Capabilities, distributive justice, education systems and assessments of gender inequality in education
Unterhalter, Elaine; Peppin Vaughan, Rosie (2018). 'Capabilities, distributive justice, education systems and assessments of gender inequality in education' Paper presented at the annual conference of the HDCA, Buenos Aires, Argentina 2018.
The paper considers the question of what we ought to compare between individuals, institutions and countries when we make assertions about gender injustice in education, how to evaluate this, and what metrics might help to steer policy change. Currently the main metric concerned with gender and education in evaluative frameworks such as the Sustainable Development Goals (SDGs), is gender parity (the ratio of girls to boys or men to women) in school enrolments, progression, attainment, and training opportunities for teachers. However, gender parity is a data driven metric, based on administrative data collected as part of the management of education systems or the information assembled in national and cross national testing regimes. It is a clumsy metric to look at questions of gender injustice ( Unterhalter, 2016 Unterhalter, 2017a; 2017b). Large numbers of girls and women may be present in the education system, and many of them may attain highly in tests. However this presence or achievement may tell us little about gender injustices. Girls and women may enrol and complete education, and yet have few opportunities in relation to reproductive rights, employment, social security, political participation and challenging gender based violence. Gender parity gives no indication whether girls at school and women who work in education may be learning how to tolerate gender inequalities, rather than gaining confidence to challenge and confront these. The metric thus may be a necessary, but not a sufficient condition for gender justice. Indeed some perverse effects do not always help to steer towards forms of gender justice in education. While more refined indicators have been developed, some drawing on the capability approach, that consider aspects of school related gender based violence, the levels of training of men and women teachers, education experiences within particular institutions, and enablers for intersecting equalities ( eg. Walker and McLean, 2013; Unterhalter, 2015; Peppin Vaughan, 2016; Wilson Strydom and Okkolin, 2016) , these are unevenly considered as part of the debate about indicators for the education SDGs. Thus the metrics currently in use do not help map the capabilities that are associated with gender equality in education or the institutions which can support this. This raises questions about how we understand distributive justice, gender equalities and capabilities.
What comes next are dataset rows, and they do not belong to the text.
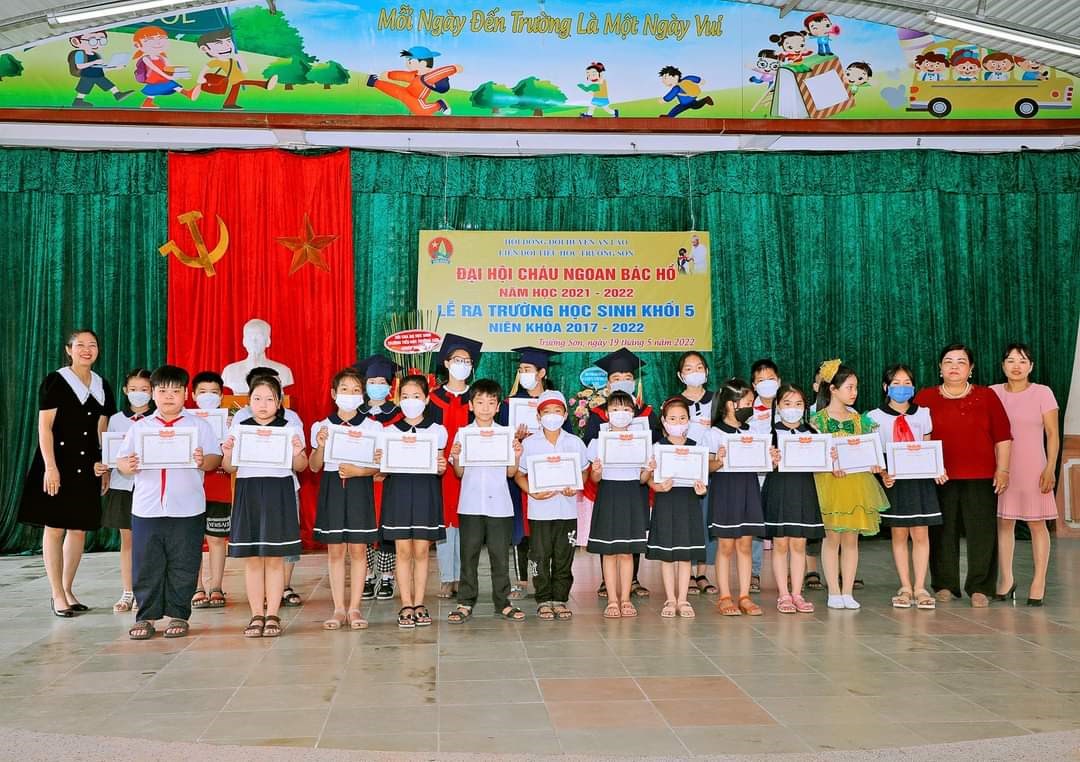 Hưởng ứng các hoạt động chào mừng kỉ niệm 132 năm ngày sinh của Chủ tịch Hồ Chí Minh kính yêu và 81 năm ngày thành lập Đội Thiếu niên tiền phong Hồ Chí Minh, sáng thứ năm ngày 19/5/2022, trường Tiểu học Trường Sơn đã long trọng tổ chức Đại hội cháu ngoan Bác Hồ và Lễ ra trường cho học sinh lớp 5 niên khoá 2017-2022.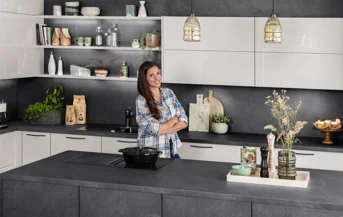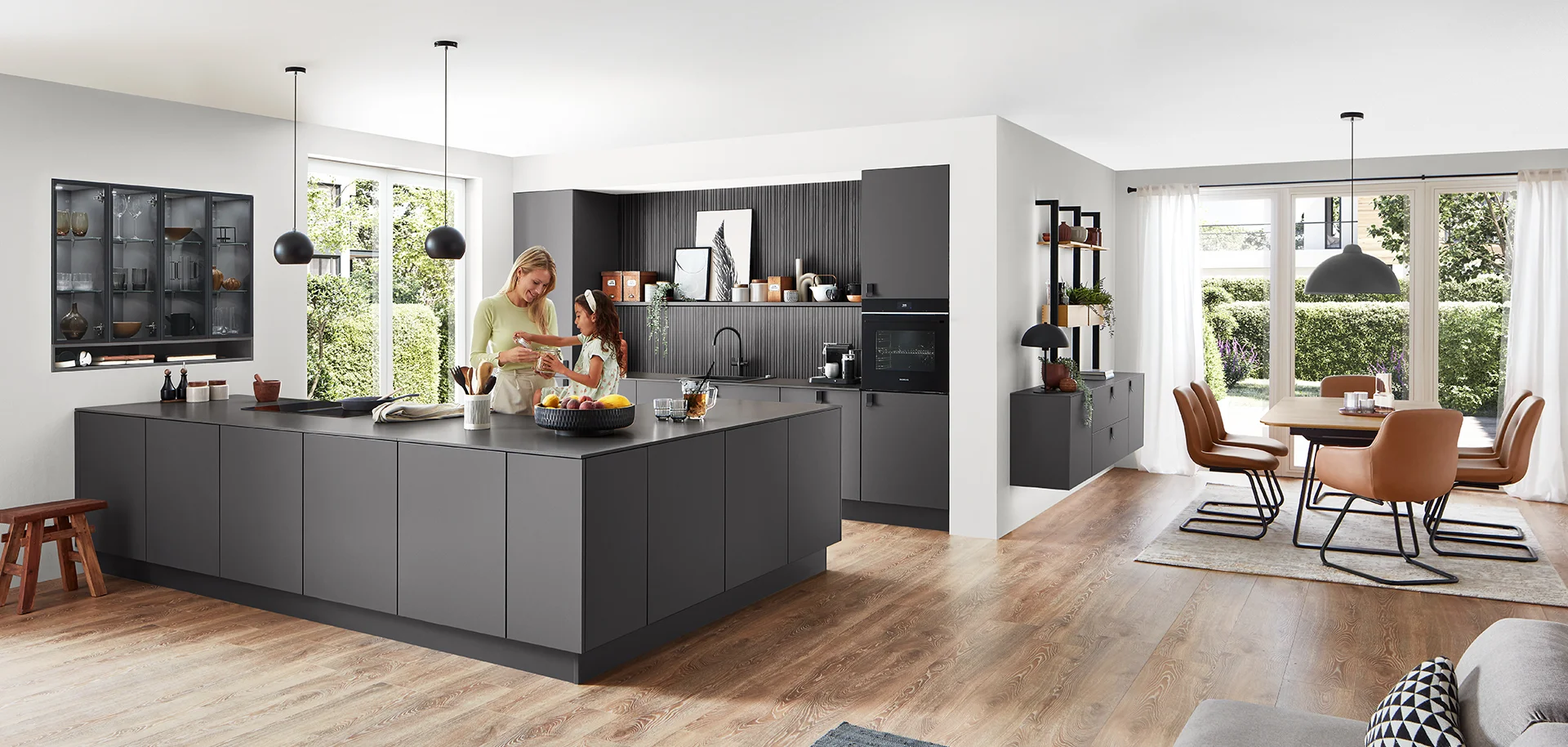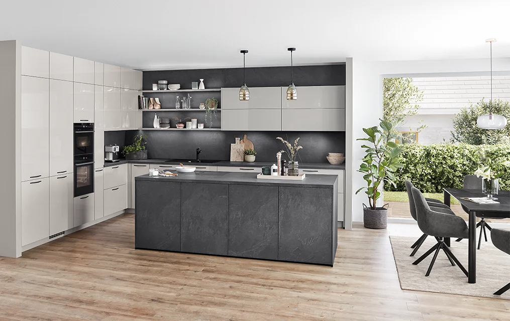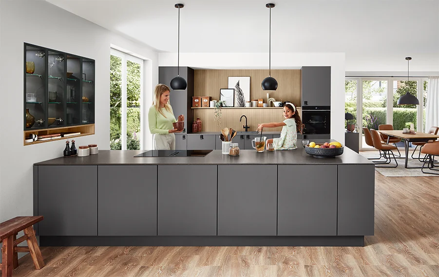 De perfecte match. Donkere oppervlakken, fraai gevormde grepen in mat zwart en koel metaal geven de keuken zijn individuele karakter. De keramische nisbekleding en het bijpassende werkblad in het decor Metal Oxid zijn gemakkelijk te reinigen en ongecompliceerd. Niet alleen voor liefhebbers van metaal een sterke oplossing.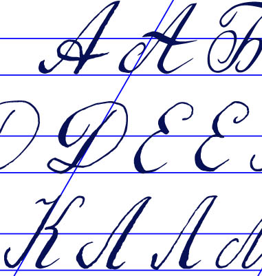 Узким пером можно писать вертикальные черточки и линии, широким пером — боковые части букв.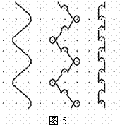 另外,由于底布是采用经平组织,而前梳编链组织形成毛圈,在横向没有联系,因此织物横向受拉伸时,如后梳有断纱就会脱散,因此定形时,破洞之间要用线缝好,防止通匹撕布。改善这种脱散现象的方法是:a.采用两把梳栉编织底布,b.更换地组织,如图5所示,这样毛圈沉降片也相应改变。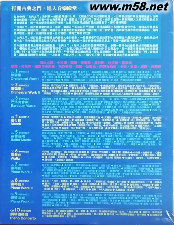 古典之門 II Gate to Classics I I (10CD套裝)(m58.net) 自1986年「古典之門」系列第一份錄音帶發行以來,又經過CD版本的濃縮再進化,已帶領超過百萬臺灣樂迷進入古典音樂的殿堂。許多人的第一份古典音樂錄音,便是從「古典之門」開始的。由於它是第一套針對國人之需求所設計的古典音樂專輯,甫一推出便深受樂迷的推崇。從歷年來累積超過百萬的銷售數字,便可獲得明證! 「古典之門」按古典音樂的曲式、年代、樂器之不同加以分門別類,再精挑細選出各類的代表性作品,選錄其中最著名的章節加以編輯而成,指揮、樂團以及演奏者亦均為英國笛卡唱片旗下的一時之選。而所謂代表作中的精華部份,有時雖只取某一樂章,但絕對是完整,且可當成一首獨立樂曲來欣賞。 「古典之門」就好比是一套權威古典音樂大全的縮影,一般愛樂者不但能欣賞到古典音樂史中最具代表性、最熟悉的好聽作品,同時也能輕而易舉地入門古典音樂,為每位欲一窺古典音樂堂奧的朋友,開啟一扇輕鬆方便之門。 如今這套精美更上層樓的新版設計「古典之門」I和II以全新的面貌再度問世,承襲一貫精心的曲目安排和精闢樂曲解說,價格也較之以往單張購買更具吸引力。全套20張CD分別編入兩個10片的包裝盒中,每一單套收錄音樂長度均超過12個小時,各內附一本全彩色精美手冊,不但有詳盡的樂曲解說,更以設計獨特、賞心悅目、各式各樣的「門」做為插圖,讓聽覺與視覺同為饗宴。一次典藏「古典之門」I和II,極少的花費,即刻擁有專屬的古典音樂世界!

The paper reports on the first phase of work of an ESRC funded research project developing some of the conceptual underpinnings and approaches to measurement for an alternative indicator of gender equality in education linked to the SDGs. The first part of the paper situates this work conceptually in some of the debates about measuring gender justice linked with the capability approach, and explores how employing the concept of capabilities has the potential to construct a metric which reflects more accurately the ways in which gender inequality affects individuals in education. It puts these conceptual clarifications into dialogue with the largely pragmatic approach to data and measurement adopted by the technical committees associated with the SDGs working under the UN Statistical Commission and the UNESCO Institute of Statistics . The second part of the paper presents debates about how to understand education systems and poses some questions about how they position gender. It contrasts views on education systems analysis and what is termed a global learning crisis, developed by Pritchett (2015) and the authors of the World Bank’s 2018 World Development Report (World Bank, 2018), with the analysis made by Ben Fine in formulating the notion of systems of provision (SoP) ( Fine, 2017a; 2017b). For the World Bank analysis, gender inequality, and the complexities of location (rural/urban) or poverty level is a kind of technical inefficiency in the system, which can be measured by looking at descriptive distributional metrics of learning outcomes, such as gender parity or wealth quintiles. The implication is that the system will be performing better when these metrics improve.The SoP analysis, by contrast, sees these inequalities as much more organic to the contextual, constructed and commodified ways in which systems of provision work. SoP thus prompts a consideration of a range of constraints on capabilities, and prompts a more nuanced examination of how gender inequality in education works, and what metrics or indicators might help document the intersecting dimensions of this and help towards a deeper understanding of distributive justice.
In the concluding section the analysis draws on the conceptual work on capabilities and systems to develop a dashboard approach to measuring gender equality in education that can be useful in participatory discussions of indicators for the SDGs. It considers how capabilities, and the contested processes SoP alerts us to, point to the need for more, not less global, national and local participation in generating indicators to measure and develop practice for gender equality in education.